Chen Yanxin, Luo Yuxi, Liu Yunwei, Luo Daya, Liu Anwen
Department of Oncology, The Second Affiliated Hospital, Jiangxi Medical College, Nanchang University, Nanchang, 330006, Jiangxi Province, China.
Department of Radiotherapy, Hunan Cancer Hospital and the Affiliated Cancer Hospital of Xiangya School of Medicine, Central South University, Changsha, 410000, Hunan Province, China.
Cancer Immunol Immunother. 2025 Jan 3;74(2):52. doi: 10.1007/s00262-024-03899-9.

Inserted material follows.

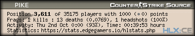 Rank | Map | Kills | % | Ratio | Deaths | % | Ratio | K:D | Headshots | % | Ratio | HS:K |
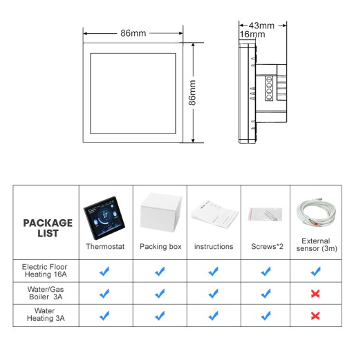 【Dokładna temperatura】Wewnętrzny czujnik podłogowy, wyczuwalna temperatura otoczenia i temperatura podłogi. Temperatura jest mierzona automatycznie z dokładnością do 1°C.

The combined use of tocilizumab (TCZ) and immune checkpoint inhibitors (ICIs) in cancer treatment is gaining attention, but preclinical studies are lacking. Our study aims to investigate the synergistic anti-tumor effect of TCZ combined with ICIs and its role in treating immune-related adverse events (irAEs). The clinical significance of high interleukin-6 (IL-6) expression in tumor patients was analyzed from the Cancer Genome Atlas (TCGA) database. The expression levels of IL-6 were compared before and during the onset of ICIs-associated myocarditis patients. ICIs-related myocardial inflammatory injury and therapeutic lung cancer models were constructed in C57BL/6 J mice using murine-derived programmed death-1 (PD-1) inhibitors alone or in combination with TCZ. Possible inflammatory mechanisms were proposed and validated. The anti-tumor effects and mechanisms of both drugs in combination were assessed. Patients with high IL-6 expression had a poor prognosis, and those with ICIs-associated myocarditis exhibited elevated IL-6 from baseline. In the PD-1 inhibitors-associated myocardial inflammatory injury mouse model, the levels of IL-6 in the blood and cardiac tissues were significantly elevated. TCZ ameliorated immune myocardial inflammatory injury by inhibiting the IL-6/janus kinase 2 (JAK2)/signal transducer and activator of the transcription 3 (STAT3) pathway. The group treated with PD-1 inhibitors combined with TCZ showed significantly slower tumor growth than that treated with PD-1 inhibitors alone. TCZ resisted tumor growth by inhibiting the IL-6-JAK2-STAT3 pathway. By targeting the IL-6-JAK2-STAT3 pathway, TCZ can alleviate PD-1 inhibitors-associated myocardial inflammatory injury mediated by M1-polarized macrophages and plays a synergistic anti-tumor role by inhibiting lung cancer cell proliferation.
托珠单抗(TCZ)与免疫检查点抑制剂(ICIs)联合用于癌症治疗正受到关注,但临床前研究尚缺乏。我们的研究旨在探讨TCZ与ICIs联合的协同抗肿瘤作用及其在治疗免疫相关不良事件(irAEs)中的作用。从癌症基因组图谱(TCGA)数据库分析肿瘤患者中高白细胞介素-6(IL-6)表达的临床意义。比较ICIs相关心肌炎患者发病前和发病期间的IL-6表达水平。在C57BL/6 J小鼠中单独或与TCZ联合使用鼠源程序性死亡-1(PD-1)抑制剂构建ICIs相关的心肌炎性损伤和治疗性肺癌模型。提出并验证了可能的炎症机制。评估了两种药物联合使用的抗肿瘤作用和机制。IL-6表达高的患者预后较差,ICIs相关心肌炎患者的IL-6较基线升高。在PD-1抑制剂相关的心肌炎性损伤小鼠模型中,血液和心脏组织中的IL-6水平显著升高。TCZ通过抑制IL-6/Janus激酶2(JAK2)/信号转导和转录激活因子3(STAT3)途径改善免疫性心肌炎性损伤。与单独使用PD-1抑制剂治疗的组相比,联合使用PD-1抑制剂和TCZ治疗的组肿瘤生长明显较慢。TCZ通过抑制IL-6-JAK2-STAT3途径抑制肿瘤生长。通过靶向IL-6-JAK2-STAT3途径,TCZ可减轻M1极化巨噬细胞介导的PD-1抑制剂相关心肌炎性损伤,并通过抑制肺癌细胞增殖发挥协同抗肿瘤作用。